I'd like the entire listing output verbatim, apart from the pictures.

● Information provided:
───

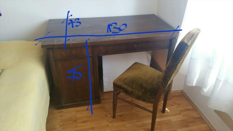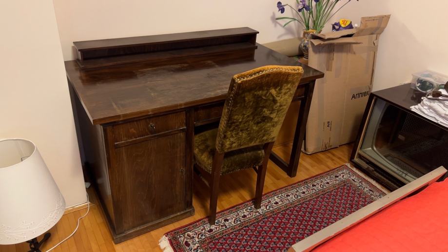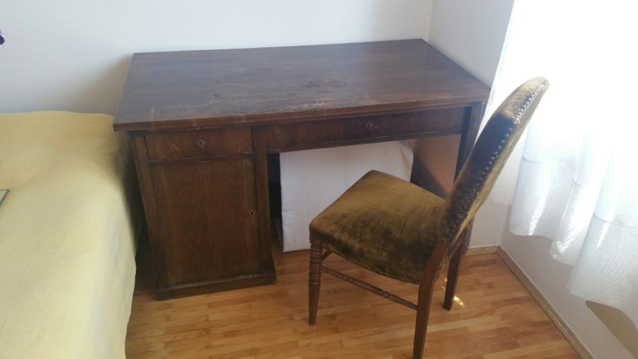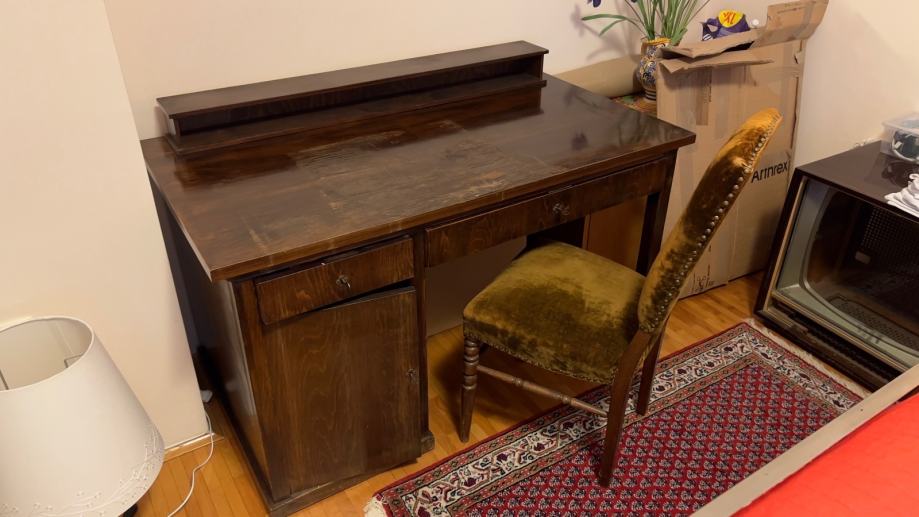 Stol ima četri duboke ladice, potrebno restaurirati gornju površinu stola.
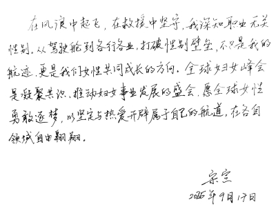 宋寅对即将召开的全球妇女峰会满怀热忱,她表示,“全球妇女峰会是凝聚共识、推动妇女事业发展的盛会,愿全球女性勇敢逐梦,以坚定与热爱开辟属于自己的航道,在各自领域自由翱翔。”
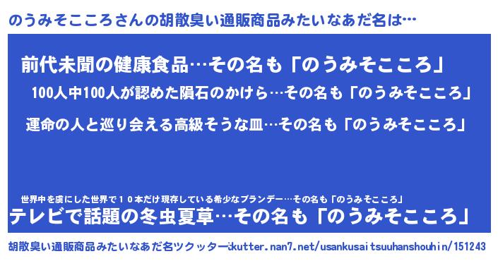 | 男性向けラノベタイトル風あだ名 | 『のうみそこころ~年齢イコール彼女いない歴の魔法使い~』 |

───

● Result:
 Stol ima četri duboke ladice, potrebno restaurirati gornju površinu stola.
 宋寅对即将召开的全球妇女峰会满怀热忱,她表示,“全球妇女峰会是凝聚共识、推动妇女事业发展的盛会,愿全球女性勇敢逐梦,以坚定与热爱开辟属于自己的航道,在各自领域自由翱翔。”
 | 男性向けラノベタイトル風あだ名 | 『のうみそこころ~年齢イコール彼女いない歴の魔法使い~』 |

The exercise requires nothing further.